# Travelling while passport is at the public security bureau



## emma_hansma (Jan 22, 2014)

Hi,

I have a work visa in my Australian passport. My passport is currently at the public security bureau in Harbin and I won't get it back until middle Feb. Unfortunately I get time off over spring festival and would really love the opportunity to travel to a city nearby. I have dual nationality so I have my Dutch passport but it doesn't contain my Visa. Can I catch the train and stay at a hotel with only my Dutch passport? Or do I have to resign myself to staying put during my holidays.

I really appreciate any advice.


----------



## cschrd2 (Oct 31, 2011)

If the passport is in the security bureau I request a travel paper which can be used as means of identification during the domestic travel. Works fine


----------



## peanutbutterjellytime (Jan 24, 2014)

It is not too big of a problem. I overstayed my visa and traveled around China, including on the fast train and slow trains and was never questioned or anything. I had lost my old passport and this one had no visa or anything. 
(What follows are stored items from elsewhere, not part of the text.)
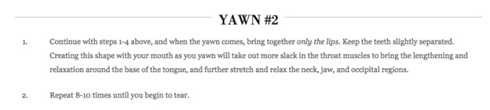 1. Làm theo hướng dẫn từ bước 1 - 4 như trên, khi ngáp thì mím môi lại, giữ hai hàm răng không chạm vào nhau. Việc tạo ra tư thế ngáp này sẽ tạo thêm nhiều chỗ trùng cho cơ miệng để kéo dài sự thư giãn xung quanh lưỡi, thêm vào đó tư thế này còn giúp kéo giãn và thả lỏng cổ, cơ hàm và vùng chẩm.
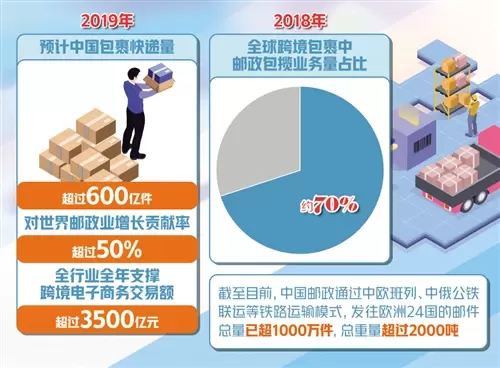 近日,2020年全国邮政管理工作会议在北京召开。从会上获悉,预计2019年全国快递业务量和业务收入分别完成630亿件和7450亿元,同比分别增长24%和23%,快递业务量连续6年稳居世界第一。
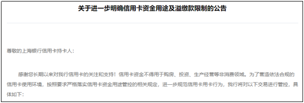 8月4日,上海银行发布《关于进一步明确信用卡资金用途及溢缴款限制的公告》,宣布该行信用卡不得在房地产类商户(1520、1771、7013)、境内房产税费类商户(9312)、彩票类商户(7995)、投资理财类商户(6211、6051、6541)进行交易。同时在物业及分时用房类商户(6513、7012)设定交易限制,并强调信用卡不得用于生产经营领域,如批发业务涉及的烟草配送类商户(4458),或其他批发、经营类税收等。
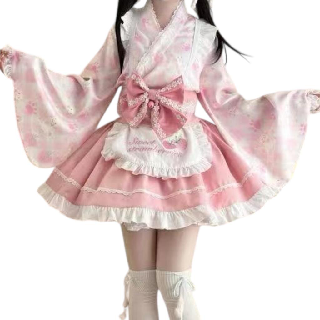 The kimono-style top and frilly skirt create a three-dimensional silhouette that looks cute from any angle. It comes in two colors, pink and light blue, and is available as a set with a cat ear headband or as a standalone outfit. Each item is also available individually, allowing you to create your own unique outfit.
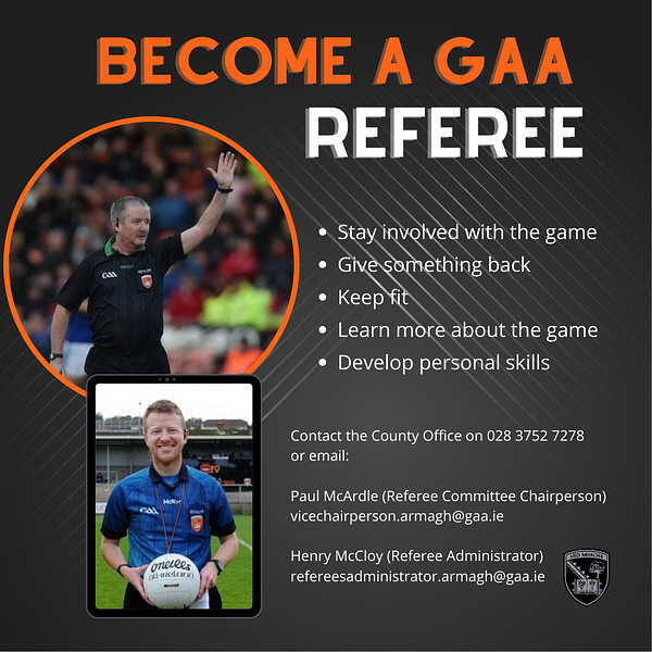 We are supporting Armagh GAA's referee recruitment drive and encourage any interested member to contact our club secretary or committee member.
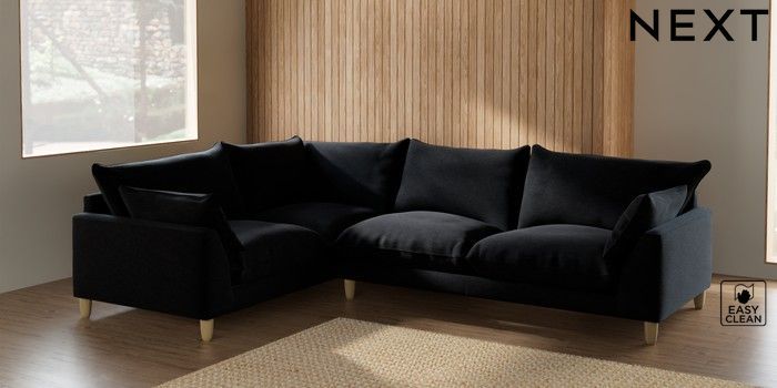 7.2.10 Noa Deep Relaxed Sit Large Corner Sofa - Left Hand Fine Chenille Easy Clean Black High Leg - Light | Made Click here to use our website with more accessibility support, for example screen readers

I was able to rent apartments and do everything else you can do with a visa, as nobody cares except for immigration.


----------



## Sizzling (Aug 29, 2013)

for taking a plane you need the recepit from the PSB with A PICTURE ATTACHED TO IT AND STAMPED BY THEM. This is a new rule so make sure you get a picture with the receipt.
Then it is no problem.

@peanutbutter: not sure if you are still overstaying your visa in China, but I would suggest to go to immigration as soon as possible. Overstaying a visa in china is a very bad idea, assuming you do want to leave at some point...


----------